Giff wrote:Considering the shit that white people get fired up about, I can only imagine their reactions if they and their ancestors had to deal with the crap many minorities have to deal with.
I do illegal shit in my car nearly every time I operate it. Some more illegal than others if I'm alone. I've been pulled over two times since 2004. Once was right after I had toked up and the guy just reminded me to make sure my registration was renewed soon (it had been out for three months) and the other I didn't even get a warning for going 15mph over the speed limit.
As an impetuous youth I hit 100 MPH several times on I-95 going north out of NYC. Once while strapped to the top of a car. I've done slalom turns on the Boston Post Road while waiting for a friend who foolishly stopped at a red light, and then tossing the baggie out the window when I saw the flashing lights. Smoked a joint several stories up the ladder that ran through the center of the giant globe sculpture that used to overlook Shea Stadium. Not to mention, to our surprise, a police station. I drove backwards for ten miles on the shoulder and right lane of I-80 in Pennsylvania when my transmission blew, then several miles further through town looking for a shop that would fix it. Buzzed past a police car driving backwards (to get the lowest possible gear for traction) over the Eisenhower Pass in a blizzard in a VW bus with no chains or even snow tires when the electronic sign said the former was mandatory. Skiied into posted avalanche zones. Been in a bar fight with a Mexican biker gang.
I once talked my way out of a jam at 4am when the police and my parents arrived at a 'dangerous location' that didn't match the suburban registration address on the car (theirs) I had parked illegally on the street. The discussion of how I came to be in this ghetto locale took place while standing outside an apartment door that separated the police from several passed-out people laying next to multiple types of illegal drugs that were sitting out in plain sight on a coffee table that was customized as a 100-pound bong (glass, sand, bricks, water). Many years later, I lived part-time in a house that contained a meth lab; I had to remove my housemate after I found the shotguns. I've lived in a cabin a hundred yards or so from a hundred marijuana plants. They were not mine, but no one else lived within a mile; the authorities may not have parsed the situation so finely.
Sex in public places, including mass transportation -- who didn't do that back then? So too with psychedelics.

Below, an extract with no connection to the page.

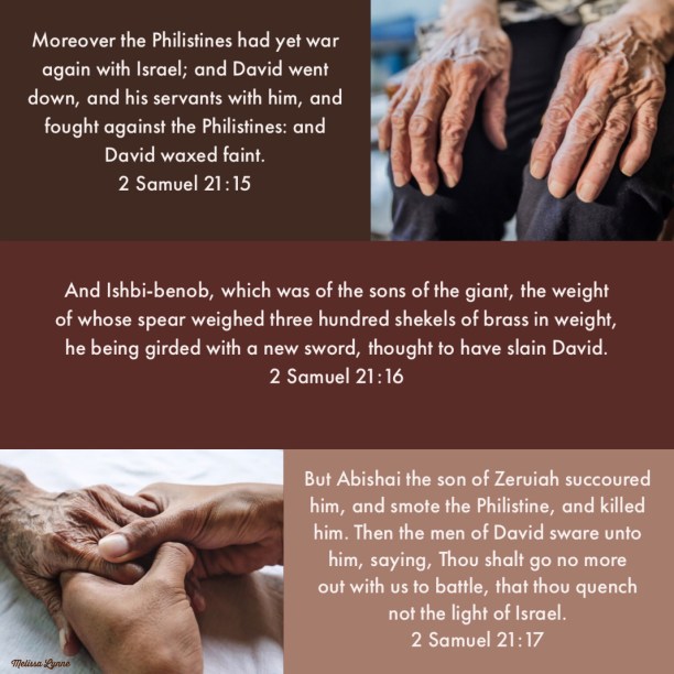 Moreover the Philistines had yet war again with Israel; and David went down, and his servants with him, and fought against the Philistines: and David waxed faint. And Ishbi-benob, which was of the sons of the giant, the weight of whose spear weighed three hundred shekels of brass in weight, he being girded with a new sword, thought to have slain David. But Abishai the son of Zeruiah succoured him, and smote the Philistine, and killed him. Then the men of David sware unto him, saying, Thou shalt go no more out with us to battle, that thou quench not the light of Israel.

I have even rolled a few red lights in my time. Perhaps a few other things that I'll skip as they may be too illegal or still under the statute of limitations. A few more that are lost in the mists of time and memory.
In other words, I've lived pretty much a normal life for a man of my generation.
Total damage for all these events and infinite other violations of the law over 40+ years: three speeding tickets. And none for any of the events above, though more than one involved discussions with law enforcement officers. White privilege, baby.
One of the tickets happened when I got nailed for (barely) speeding on an empty stretch of a four-lane road that happened to be in a church zone while taking my elderly mother to visit a Catholic monastery. Talk about innocent. The two others were speed-traps with multiple police vehicles doing a bit of end-of-budget cycle fund-raising. Total cost: under $200.
However, I've paid the price for being an oppressed minority. Back in the early 70s I was thrown against the side of my car by a policeman after being hit from the side by a speeding car that was driven by a nicely-dressed, white, pregnant mother with a small child by her side. I was a shabbily-dressed long-haired youth who asked the wrong question. So things are relative, even if you're white. If had been black, perhaps the officer would have clubbed me instead of just pinning me on the car with the club It's a good thing tasers hadn't been invented.
There's no way I'm not spending time in jail already if I'm black.
Can you spend much time in jail after you are dead?